Your geyser is probably more than 1Kw, they are usually 3Kwatt for the large and 2Kwatt fro the smaller, they depend on physical size and amount of water they hold.

In most cases my geyser probably runs for a total of 6 hours a day at 3Kw. In the morning we shower, then at about 11 the maid comes in and washes, and uses hot water from the geyser, and in the afternoon my kids have a shower, so each cycle approximately 1 to 1 and a half hours.


If you now redo the calculations, you can get more prospective.

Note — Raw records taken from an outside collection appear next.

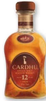
Whisky CARDHU Malta 12 años, 70 cl.
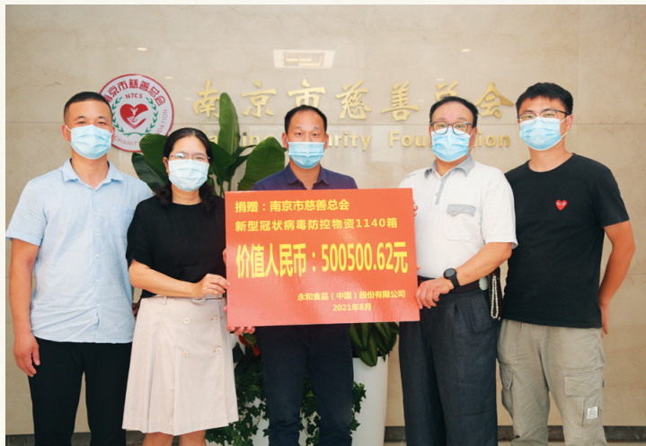
永和食品股份有限公司捐赠
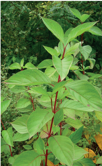
Seidiger Hornstrauch Cornus sericea
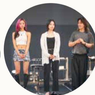
抽選会も大盛況でした♡
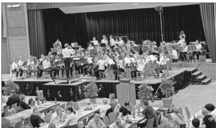
Die Musik- und Feuerwehrkapelle Teningen beim Benefizkonzert „Tag der Musik“.

Vergangenen Samstag fand der „Tag der Musik“ in der Ludwig-Jahn-Halle statt. Ab 16.30 Uhr füllte sich die Halle. Den Konzertabend eröffnete die Bläserklasse aus Teningen und Nimburg. Zum ersten Mal standen die Jungmusiker auf der Bühne und präsentierten stolz ihr Können. Anschließend wurde das Publikum vom Schulchor der Teningen Grundschulen unterhalten. Auch die Jugend der Akkordeonspielgemeinschaft Eichstetten/Teningen nahm auf der Bühne Platz. Die Jungmusiker des Projektorchesters konnten es kaum abwarten, bis sie an der Reihe waren. Um 19 Uhr kam nun das Projektjugendorchester, bestehend aus insgesamt 75 Jungmusikern aus den befreundeten Musikvereinen aus der Umgebung, dran. Mit dabei waren Jungmusiker aus Köndringen, Heimbach, Nimburg-Bottingen, Malterdingen und Teningen. Sie präsentierten voller Stolz ihre eingeübten Stücke. Durch das Konzert führten die Jungmusiker mit selbstgeschriebenen Ansagen. Besonderes Highlight war der Cup-Song, bei dem zu Beginn einige Musiker einen Rhythmus mit einer Becher-Choreografie vorgaben. Das Schlagzeug setzte den Rhythmus an allen vorhandenen Trommeln fort und ein Trompetensoli kam auch noch dazu. Abgerundet wurde der Abend durch ein musikalisches Quiz mit ein paar tollen Preisen. Die Musik- und Feuerwehrkapelle dankte den Besuchern und Spendern. Die eingesammelten Spenden kommen dem Kinderdorf in Haiti zugute.
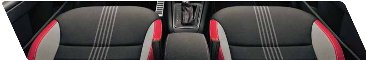
Tissu Monte-Carlo DR
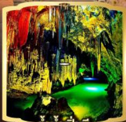
ถ้ำน้ำเป็นซี
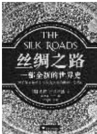
2016年10月 浙江大学出版社 [英]彼得·弗兰科潘 《丝绸之路》 历史

本书中,埃科旁征博引,把饶有兴味的研究目光放在了人类史上“制造和定义敌人”的根源与过程。我们如何定义和对待“与我们不同的人”?这些不同的人如何会成为我们的敌人?我们又应当如何面对敌人,有没有尝试和解的可能?
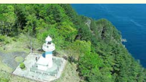
上空 20 mから撮影した黒埼灯台
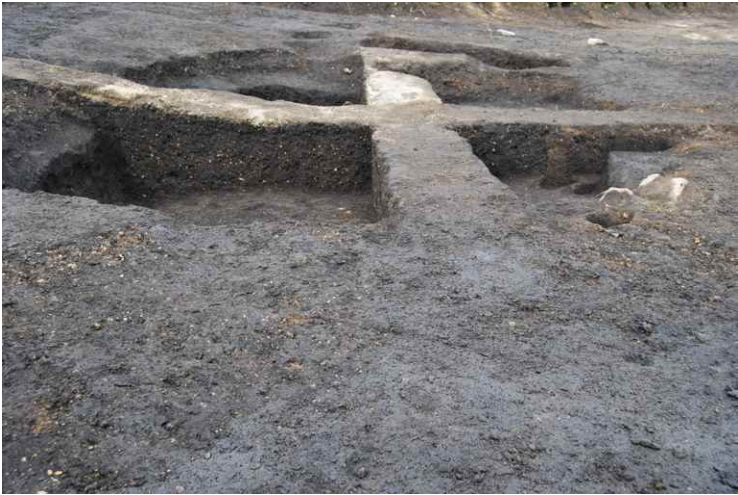
1. SI14 断面 SPA-A' (南東から)
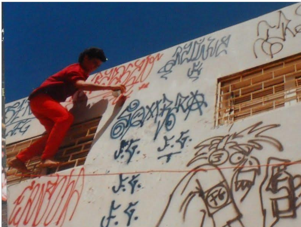
IMAGEM 35: “Raposão F.G.” (1990). Xarpis de Raposão, Ratinha, Sombra e Gabola.
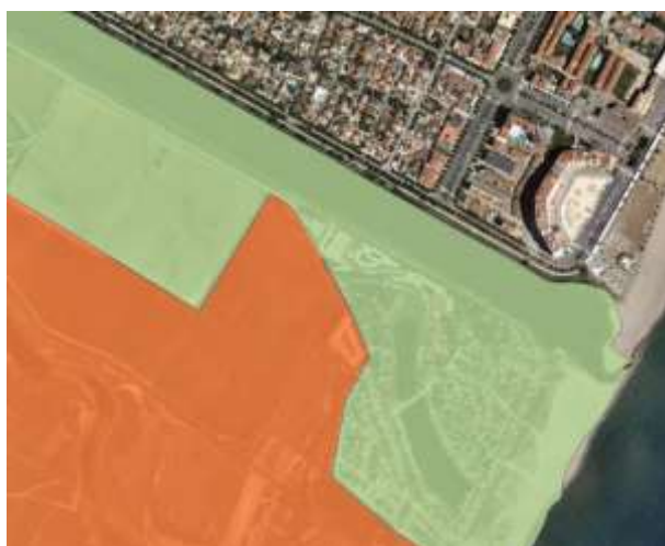
Fig2. Vissir ICC (vermell: reserva integral/verd: parc natural)
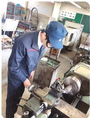
■ 機械技術コース(旋盤)
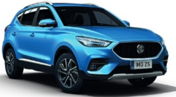
Battersea Blue (metálfényezés)
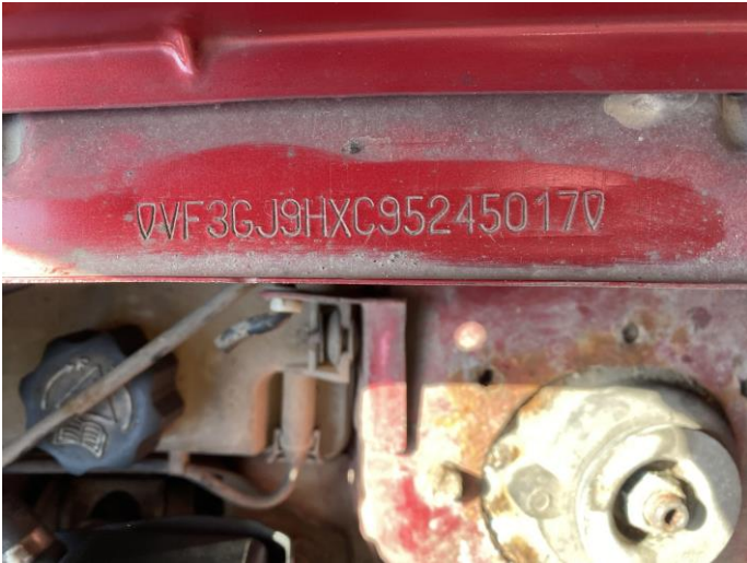
Attēls Nr. 7

Electricity is just over a Rond here Gauteng, and can go up to R1.22 per Kwatt depending on your consumption. So for the geyser lets say it is R1/Kw, so 30 days at R4 is approximately R180.00 a month, personally I think my calculations are way to conservative, as my bill may be far higher than that. So using a heat pump would mean a saving of approximately R120 a month, and over 5 years approximately R7,200.00

If the heat pump lasts that long, then you are even as far as costs are concerned. If the pump can run a further 5 years then you have R7,200.00 saving to invest in the new replacement one. Now one problem, with living at the coast, is that things tend to rust much faster, and may not last the 10 years.

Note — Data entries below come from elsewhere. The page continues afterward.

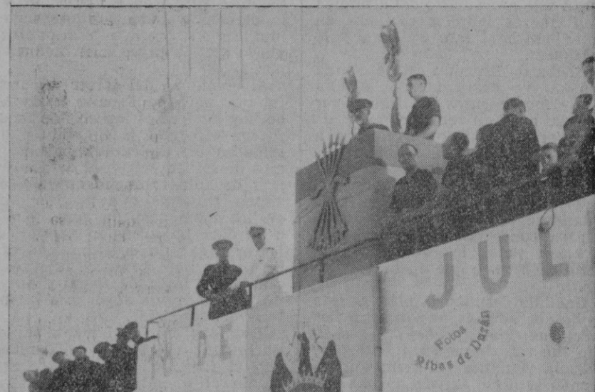
...Un veterano militar habló al gentío, con estilo tajante y recto, auténticamente castrense

Terminó pidiendo a todos dejase las minucias a un lado para sacarse por España, puesta la mira en su brillante tradición y en lo que hoy ordena el Caudillo, Generalísimo Franco, al que saludó con respeto, diciéndole alabanzas, y así dijo, te-
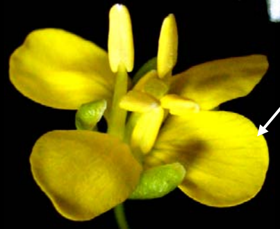
sepal (กลีบเลี้ยง)
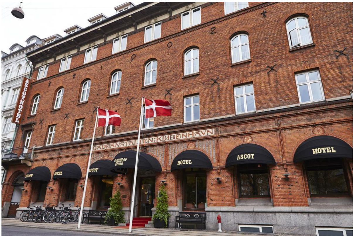
Aussenansicht des Hotels
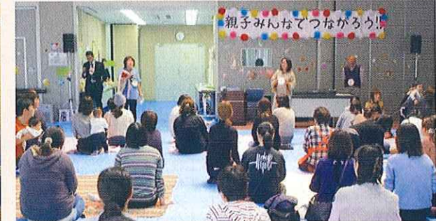
親子みんなであそぼう
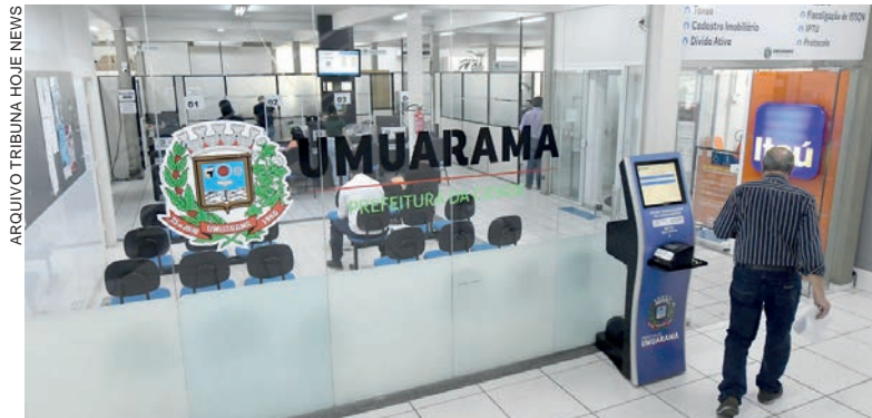
Umuarama recebeu em setembro deste ano, apenas de valores líquidos referentes ao ICMS, mais de R$ 58 mil

Os recursos referem-se à parcela dos municípios na arrecadação estadual de tributos e taxas. A transferência às prefeituras é estabelecida pela Constituição, que também determina que o Estado destine 20% do ICMS ao Fundo de Manutenção e Desenvolvimento da Educação
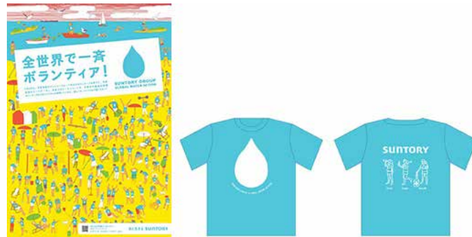
「Suntory Group Global Water Action」ポスター・Tシャツ

3-4月のボランティア月間テーマは「水」。世界各地で、サントリーグループの社員がビーチクリーンなど「水」に関するボランティア活動を一齐に展開しました。海外グループ会社も同タイミングで活動を強化しました。

Ultimately the saving here is not on the financial side, but on the demand on the utility, until they can build replacement power stations.

----------


## Rock Wood

Solar-ready air conditioners and heat pumps can harness the sun’s power to reduce your heating and cooling bills by up to half.

----------


## ians

I need an aircon with a heat pump built in, then while my office/home is cooling during the day i can use the hot water produced to have a hot shower. Buying a heat pump just doesnt sound practicle. the question i am asking, why havent they introduced aircon/heat pumps yet, first dump all the excess heat pumps in africa then, once the eskom rebate is finished you be able to buy a combo for the price you paid for the heat pump with the rebate, i might be way out of line, only time will tell.

----------


## AndyD

You're basically talking about a water cooled air-con. It will be difficult to maintain the efficiency of the room air conditioning when the water on the condensing side gets above 45-50 degrees.

----------


## Martinco

How practical would it be to extend the condenser and run that through the swimming pool water circuit ? i.e.

Cool the house and heat the pool.   :Cool:

----------


## Justloadit

Quite practical, however you may need a size or two up on the compressor size, to cope with the higher friction experienced in the longer lines. Also most units are designed to work up to about 31 or 32 degrees C at the condenser side.

----------


## Sparks

Question is, do you want to use a heatpump or an aircon? Using an aircon you would have to fit a heat-exchanger to warm the water. Using a heatpump you would need to install ducting to the house which can be diverted in the winter.

----------